Nora LeDuc opens Trust Me with an unexpected dramatic scene that forewarns readers about the levels of the thrills to come in this gripping novella.
Nash McCain, single Dad to an always-worried daughter Lanie, meets the lovely Ela Danforth in circumstances well outside his usual “mother-introduces special woman” way. It’s rural New Hampshire, picturesque but a little out of the way, and how much romance potential could there be in an accidental meeting?
Ela’s life is complex, although her feelings aren’t. There seems all kinds of hope for a future developing from this chance meeting… but the unexpected lurks out there in the form of someone’s ill-will. Nash is interesting, but readers will quickly find themselves caught up in Ela’s predicament.
Uncovering what really happened in those opening events becomes important; but also, terribly, terribly dangerous. Suz, the younger sister Ela has charge of, might have been involved in something, but Ela has no idea exactly what. She fears for her sister, but Suz is by no means the only one in danger. We readers have a peek at the danger, the growing animosity – but does Ela understand? Will she turn to the one person she can really trust? Questions and fears only grow as the story continues. Romance is no mere second fiddle in this plot, either, as so much hinges on Ela allowing the right person to help.

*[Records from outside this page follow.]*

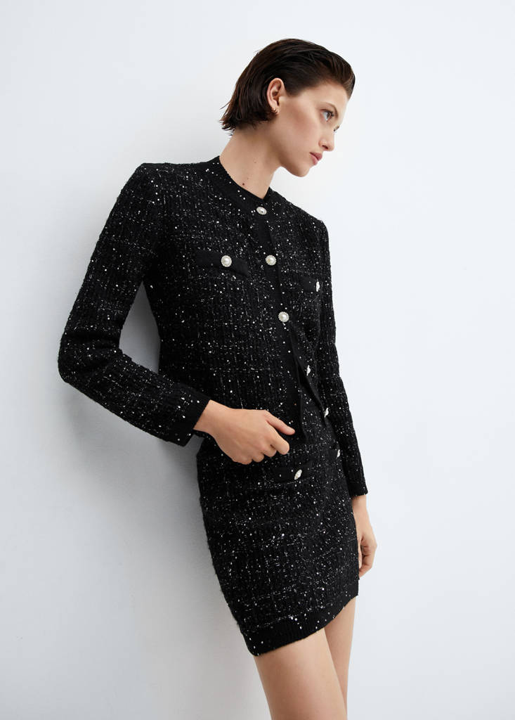 Recycled cotton-blend fabric. Tweed fabric. Midpoint. Straight design. Round neck. Long sleeves. Chest welt pocket. Jewel-effect buttons. Sequin detail. Available Plus. Total look. Front button closure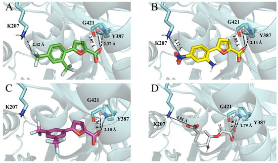 As expected, the binding mode of the cognate ligand, observed in the template X-ray structure of MbtI (PDB code: 6ZA4) [17], was substantially retained in the Mab-Sas model: all the compounds were predicted to form interactions with two conserved residues of the binding pocket, namely Y387 (Y385 in MbtI) and G421 (G419 in MbtI). More specifically, the carboxylate moiety established two well-oriented H-bond interactions with the side chain of Y387 and the backbone of G421. Notably, the analog that was empirically proven to be responsible for the increased affinity (i.e., 1) participated in an extra interaction with the side chain of K207 through its trifluoromethyl substituent (Figure 5A). A salt bridge interaction with the same residue was expected to be caused by the presence of a nitro group in the same location (2, Figure 5B). Visual assessment of the top-scored docking pose of 3 revealed no additional interactions (Figure 5C). Remarkably, these slightly different docking poses were responsible for diverse MM-GBSA binding free energies (∆G—see the experimental section for methodological details). In detail, the obtained values agreed with the experimentally measured affinity data, being the ∆G returned by 1 (−47.27 kcal/mol) better than those computed for 2 (−44.76 kcal/mol) and 3 (−44.29 kcal/mol). Finally, the same docking protocol was applied to chorismate. In agreement with the available experimental data (Km = 58 µM), the computed binding free energy (−38.80 kcal/mol) as well as the obtained docking pose (Figure 5D) were close to those returned by the other investigated compounds, further corroborating the robustness of the adopted docking procedure. More specifically, chorismate was predicted to establish a salt-bridge interaction with K207 (as compound 2) and two H-bond interactions already observed for all the other compounds, namely with the side chain of Y387 and the backbone of G421.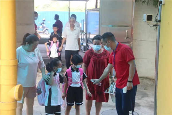 8月28日上午,校領(lǐng)導(dǎo)和老師們在門口迎接新生,孩子們錯峰上學(xué),老師給每位進(jìn)校的學(xué)生測量體溫、洗手消毒,指引家長帶著孩子找到自己所在的班級。就這樣,孩子們懷著激動、好奇的心情踏入校園、走進(jìn)教室,開啟了自己的小學(xué)生活之旅。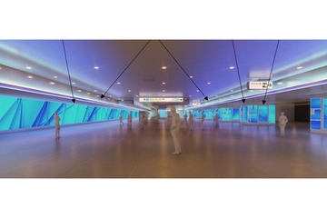 大型サイネージはBOX・BLOCK・BELTの3つを用意。BOXは約3.2×5.7m(縦×横)の3面で構成された、音声出力が可能な立体的映像メディア。BLOCKは約133m2で、コンコース内の12本の柱4面にフレームレスに設置された合計48面のサイネージ。BELTは約64m2で、壁面上部に設置された横長のサイネージ。サイズは約1×59.5m(縦×全長)。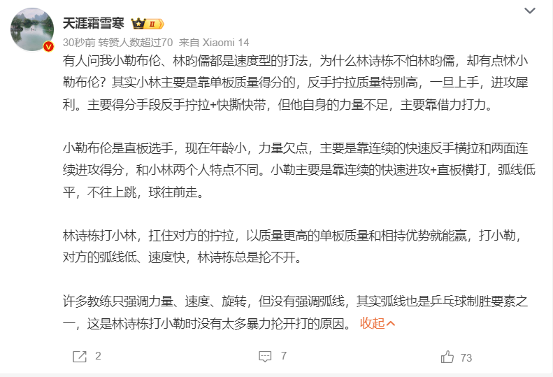 比赛转折点出现在第四局。当时林诗栋以8-7领先,却被小勒布伦的快速攻防转换以9-8反超。小勒布伦10-8拿到局点后,林诗栋气势骤降,最终以9-11被扳平比分。此后两局,林诗栋完全被压制,未能再展锋芒。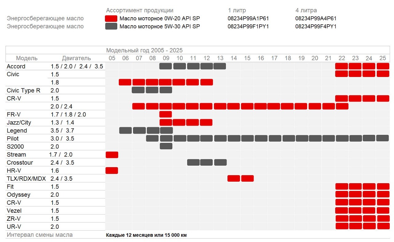 Таблица применяемости моторного масла
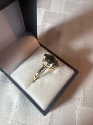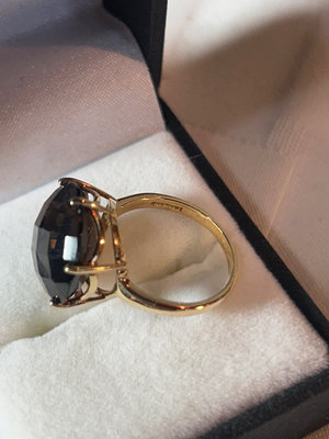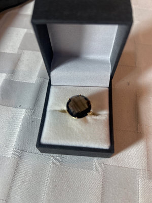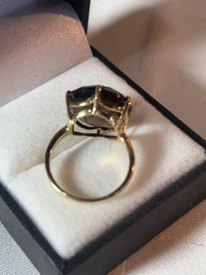 The stone could be amethyst but compared to other amethysts, it looks more brown, maybe a brown topaz or a smoky quartz. Ring is stamped 14 K.

Some better idea of setting – of the town and distances between some of the events would have added a better sense of how some specific events transpired. After initially placing events in the White Mountain area of NH, it could have been anywhere. On the other hand, conversations were completely natural and believable, and the suspense built steadily and unpredictably. Trust Me is a must read.
Editor's note: This article was originally published at Long and Short Reviews. It has been republished with permission. Like what you read? Subscribe to the SFRB's free daily email notice so you can be up-to-date on our latest articles. Scroll up this page to the sign-up field on your right.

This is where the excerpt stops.